What you need to do: Each line from the one with "where is the" through the last line of the material is to be printed exactly; no other line and no picture belongs in the copy.

--- START ---

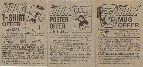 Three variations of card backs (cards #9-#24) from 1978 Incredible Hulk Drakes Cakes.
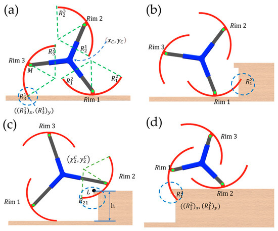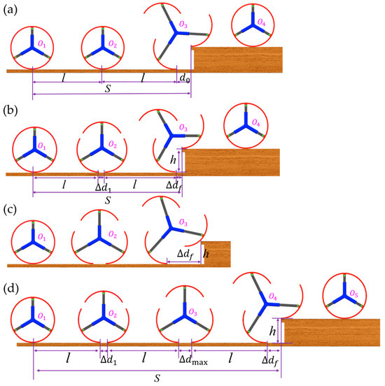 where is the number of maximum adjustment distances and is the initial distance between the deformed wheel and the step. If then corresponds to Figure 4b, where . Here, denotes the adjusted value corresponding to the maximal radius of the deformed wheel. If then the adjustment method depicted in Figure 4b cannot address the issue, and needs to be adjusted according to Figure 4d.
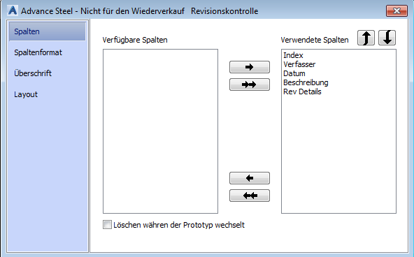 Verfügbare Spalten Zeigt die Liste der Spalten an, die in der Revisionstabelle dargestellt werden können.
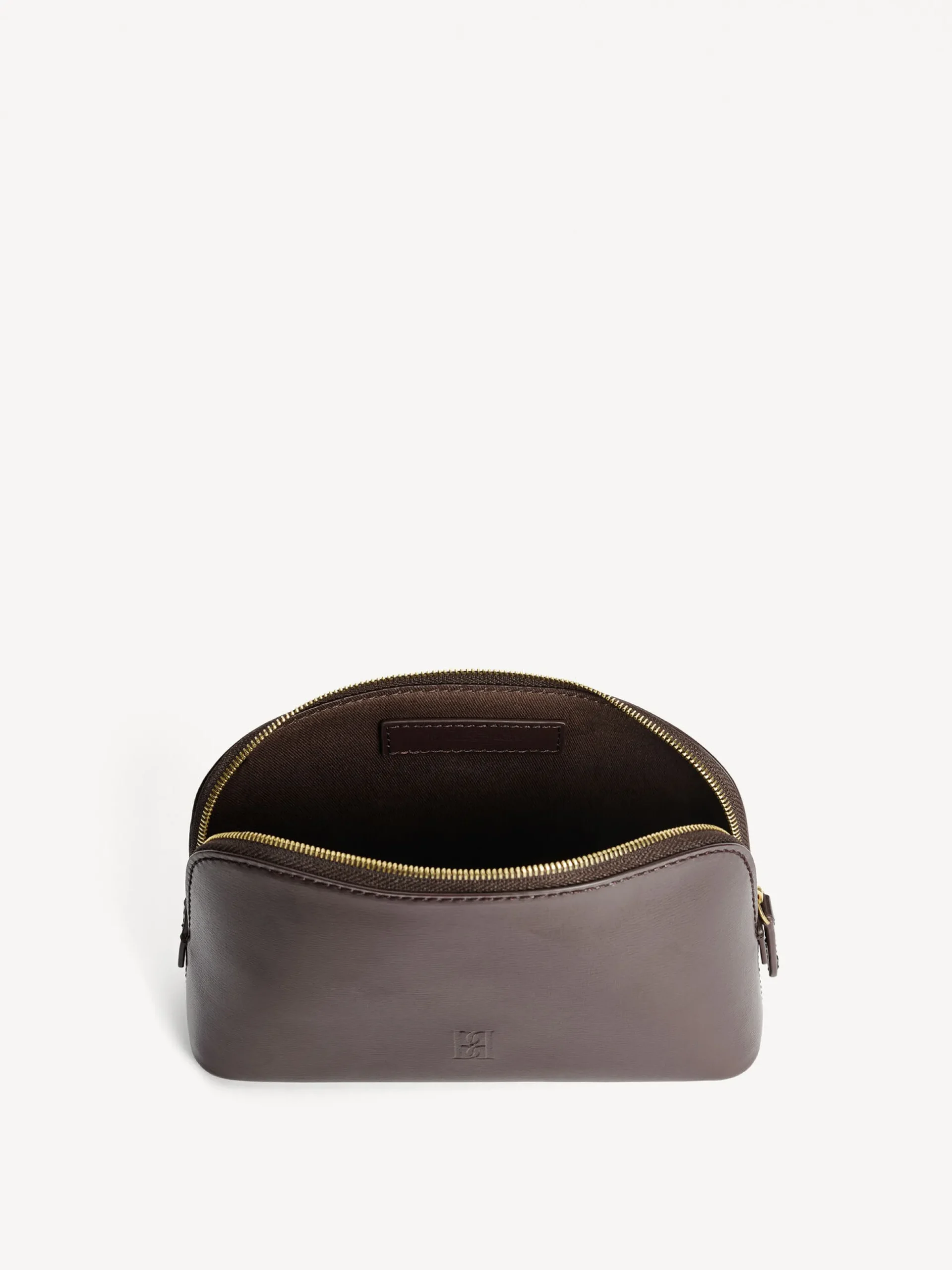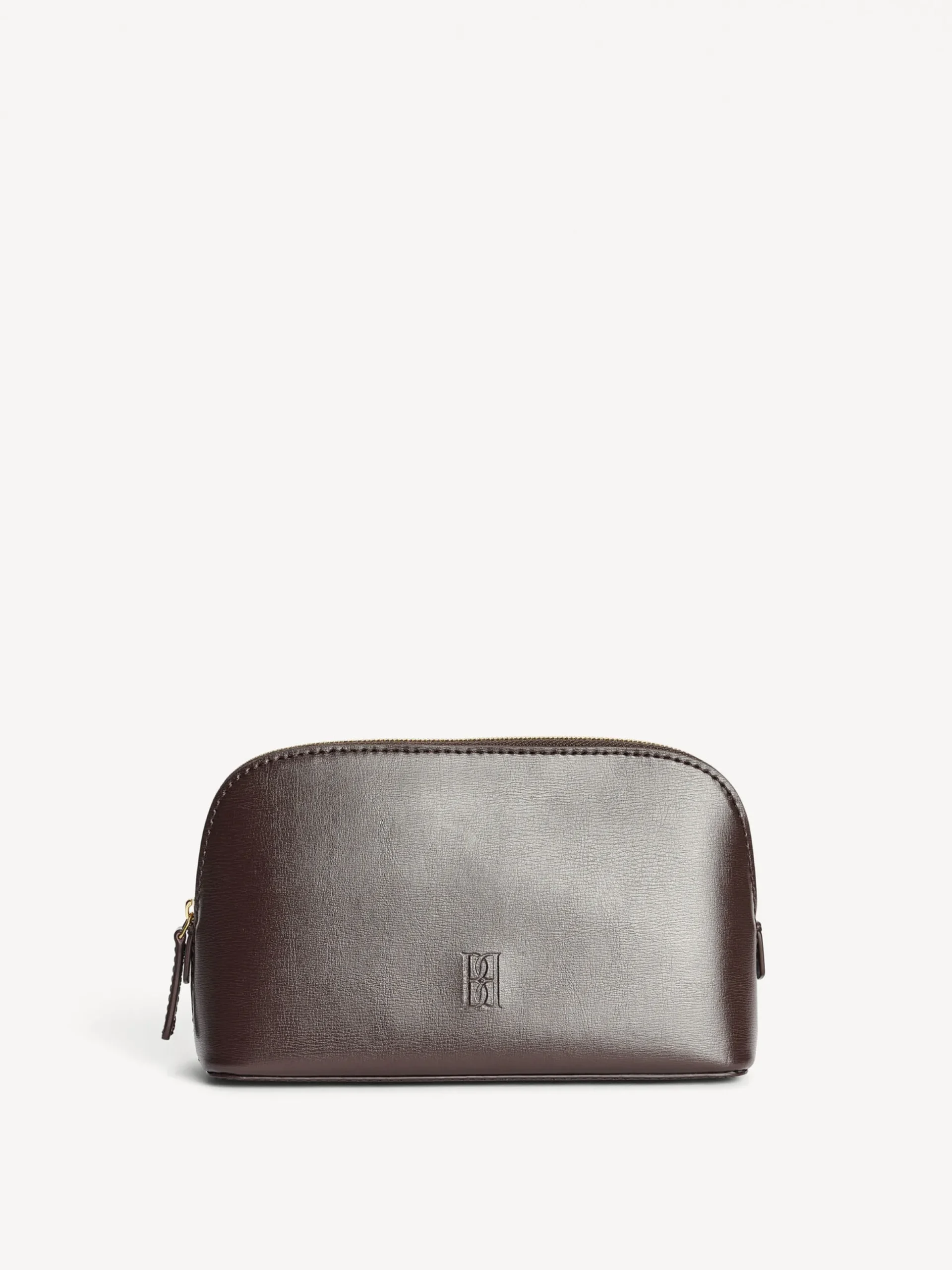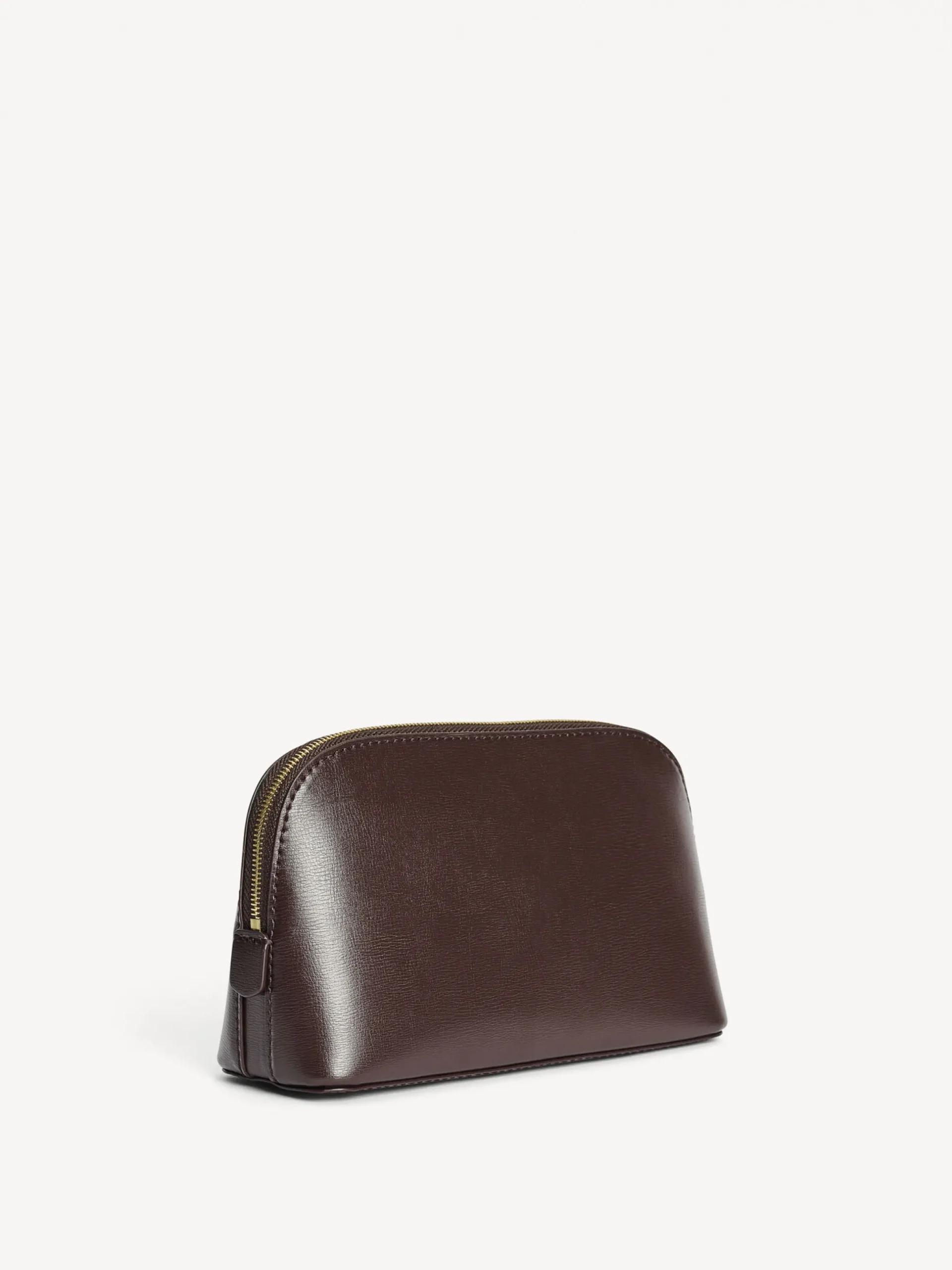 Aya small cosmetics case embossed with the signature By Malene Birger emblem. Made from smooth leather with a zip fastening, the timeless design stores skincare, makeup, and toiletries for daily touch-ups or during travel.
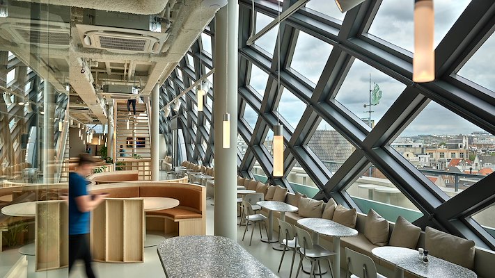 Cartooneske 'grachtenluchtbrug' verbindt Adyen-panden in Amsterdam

--- END ---

Solution to this task:
 where is the number of maximum adjustment distances and is the initial distance between the deformed wheel and the step. If then corresponds to Figure 4b, where . Here, denotes the adjusted value corresponding to the maximal radius of the deformed wheel. If then the adjustment method depicted in Figure 4b cannot address the issue, and needs to be adjusted according to Figure 4d.
 Verfügbare Spalten Zeigt die Liste der Spalten an, die in der Revisionstabelle dargestellt werden können.
 Aya small cosmetics case embossed with the signature By Malene Birger emblem. Made from smooth leather with a zip fastening, the timeless design stores skincare, makeup, and toiletries for daily touch-ups or during travel.
 Cartooneske 'grachtenluchtbrug' verbindt Adyen-panden in Amsterdam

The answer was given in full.